→ **WHAT TO DO**:
Below are the records; give again exactly the lines from the one containing "It’s by Laura" through the one containing "Ende November überreichten", leaving out pictures.
RECORDS SHOWN Start Marker
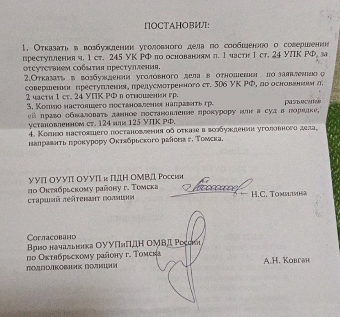 Томский активист Антон Исаков в своём тг-канале опубликовал пост о том, что два случая отравления бездомных собак оказались без признаков преступления. К посту он прикрепил документы, подтверждающие его слова. УМВД России по ЗАТО Северск отказало в возбуждении уголовного дела после проведения проверок по заявлению, поступившему в январе 2026 года. По словам следователей, отсутствует событие преступления. Отдел полиции по Октябрьскому району Томска вынес точно такое же решение.
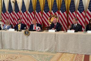 特朗普:“我同意,這難道不是一個(gè)很好的結(jié)束戰(zhàn)爭(zhēng)的獎(jiǎng)勵(lì)嗎?我們想阻止令人悲傷的事情一直發(fā)生,每周有5000名年輕人被殺害?!?/p>
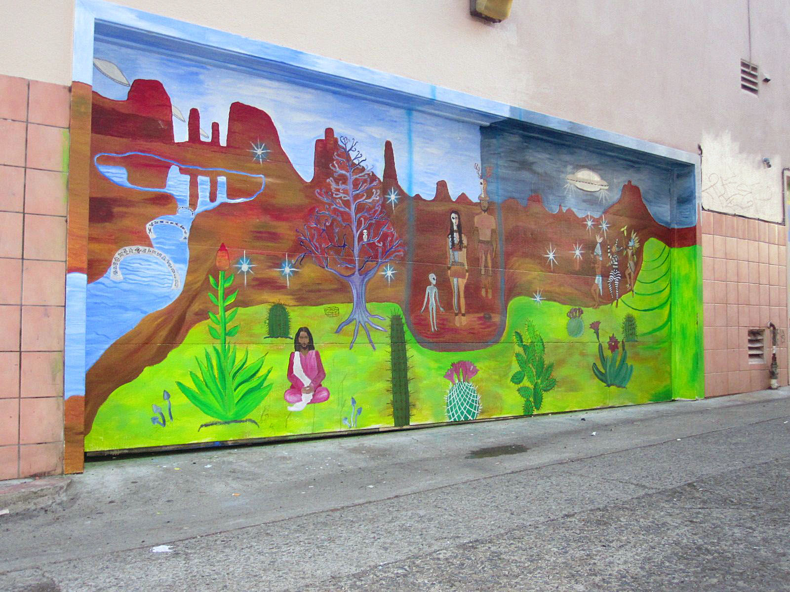 It’s by Laura Campos, the same artist working on the storefront Frida mural nearby on 24th. Last week, Campos told me this mural is unfinished, and she’s eager to complete the Frida commission to get back to her beloved aliens!
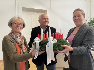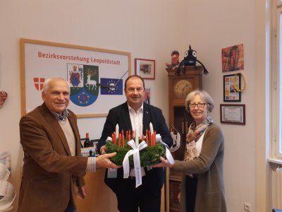 Ende November überreichten Pfarrer Hannes Pitters und Kuratorin Erna Huber einen solchen Original Adventkranz an Bezirksvorsteherin Christine Dubravac (Brigittenau) und Alexander Nikolai (Leopoldstadt.
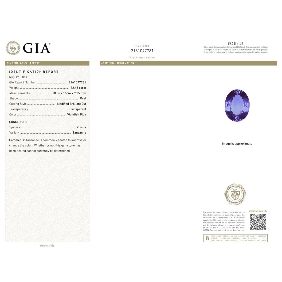 One electronically tested 14KT white gold Ladies combination cast & assembled ring with a bright polish finish. Condition is new. Identified with markings of "14K". Containing: One prong set oval modified brilliant cut natural tanzanite, measuring 20.56 x 15.94 x 9.35mm, exact weight 22.43ct., clarity is eye clean, type I, medium, moderately strong, violetish blue color, (GIA vB 5/4), cut is good. GIA Report: 216077781.Twenty-Four prong set round brilliant cut diamonds, measuring 2.50 - 2.50 x 1.50mm (depth est.) approximate. Total Weight of 24 Stones = 1.37ct. Clarity: I-1. Color: J - K, Cut is Good. Forty-Four prong set round brilliant cut diamonds, measuring 1.80 - 1.50 x 0.99mm (depth est.) approximate. Total Weight of 44 Stones = 0.72ct. Clarity: I-1 to I-2. Color: J - K, Cut is Good. Diamonds graded in the mounting. Total Weight of Colored Stones 22.43ct. Total Weight of Diamonds 2.09ct. Total Weight of Ring 12.70 grams. GGL Appraised at $37,030.00.
RECORDS SHOWN End Marker
→ **ANSWER TO THE EXERCISE**:
 It’s by Laura Campos, the same artist working on the storefront Frida mural nearby on 24th. Last week, Campos told me this mural is unfinished, and she’s eager to complete the Frida commission to get back to her beloved aliens!
 Ende November überreichten Pfarrer Hannes Pitters und Kuratorin Erna Huber einen solchen Original Adventkranz an Bezirksvorsteherin Christine Dubravac (Brigittenau) und Alexander Nikolai (Leopoldstadt.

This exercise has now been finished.